Into this wicked milieu, Refn inserts a classic Gosling brooder, the kind of guy who ruminates his way through visits to high-end whorehouses. It becomes clear why when we meet his ultra-wicked Mother, a maternally malign presence who makes the Wicked Witch of the West seem nurturing. No wonder her eldest raped and killed a 16 year old girl, and her youngest has severely repressed emotional issues.
Some of this is darkly funny, other parts are breathtakingly artistic, while the movie as a whole deftly executes the Asian action tropes of its hometown. Even with a too long title that doesn’t help its cause, Only God Forgives offers more than it asks from movie lovers cool enough to seek it out.
Ryan Gosling has – what? – a dozen lines. The one he screams doesn’t exactly work, but the others do. All in all, his dialog is just a tick behind the terse lines Refn gave him in Drive, as is his performance. Still, the guy commands the screen, a man’s man and a woman’s fantasy. Moviestar.
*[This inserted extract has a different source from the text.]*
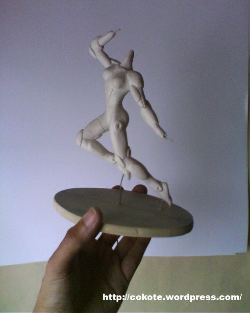 Uuuuffff por fin terminé esta primera parte del modelado!!! XD reitero que se trata tan solo de la forma básica de la figura y que es un método que me ha dado buenos resultados jejeje, lo ideal es modelar un cuerpo humano como si cubrieras el esqueleto de alambre con los «músculos de masa» tal cual como son en la vida real (biceps, triceps… eehhh no me sé más, pero espero entiendan lo que quiero decir) es decir replicarlos sobre nuestro esqueleto de alambre, es lo ideal, toma mayor inversión de tiempo eso sí, pero la ganancia se obtiene al ver el resultado, pero en fin, no soy un experto como he mencionado en más de una oportunidad y esta es solo mi opinión. Pues bien, ahora solo resta dejar secar antes de seguir, aún hay muchas que arreglar y muchos detallitos que me harán el trabajo un poco más lento, pero son precisamente los detalles en los que uno pone su atención al ver una figura y mientras más te detengas en ellos, mejor quedará la figura (según yo :P) y bueno unas fotos de como está quedando.

Kristin Scott Thomas competently plays his wicked Mother, a glamorous international drug lord. However she seems to be acting, not inhabiting her character. Perhaps her soul wouldn’t allow her to do more.
Vithaya Pansringarm plays the Angel of Vengeance police Lieutenant. He’s a bit too formal for my taste, but that probably says more about my Western expectations than it does about his performance.
Yayaying Rhatha Phongam brings her gorgeous features and a clear intelligence to the stock hooker role. A popular Thai singer who goes by Yayaying (or is that Yaya-Ying?), she draws the camera to her in every scene she’s in and her English is excellent. Hollywood, are you listening?
Supporters:
Only God Forgives follows Asian action movie tropes: it’s heavy on martial arts and climaxes with the senior rivals having a showdown fight.
Nicholas Winding Refn is a rather unique filmmaker: highly stylized, art house even, while being totally hard core at the same time. Tarantino must be admiring, if not jealous. Reservoir Dogs comes to mind.
Finally, Refn’s biggest weakness is titling. Drive was under-titled. Only God Forgives is over-titled. Goldilocks Refn should ultimately get it right.
The horrid edginess comes from extreme levels of violence and rudeness, even as the movie is relatively chaste in its depictions of sex. Indeed, the sex is more implied than shown, though a hand goes up a skirt on more than one occasion.
The savage violence is the thing however, notably when a martial arts sword gets wielded as a terrifying weapon of vengeance.
Words wound also, especially when wielded by the wicked Mother of the movie.
Deeply surreal circoreality and modestly surreal bioreality make this a movie of doubly heightened reality.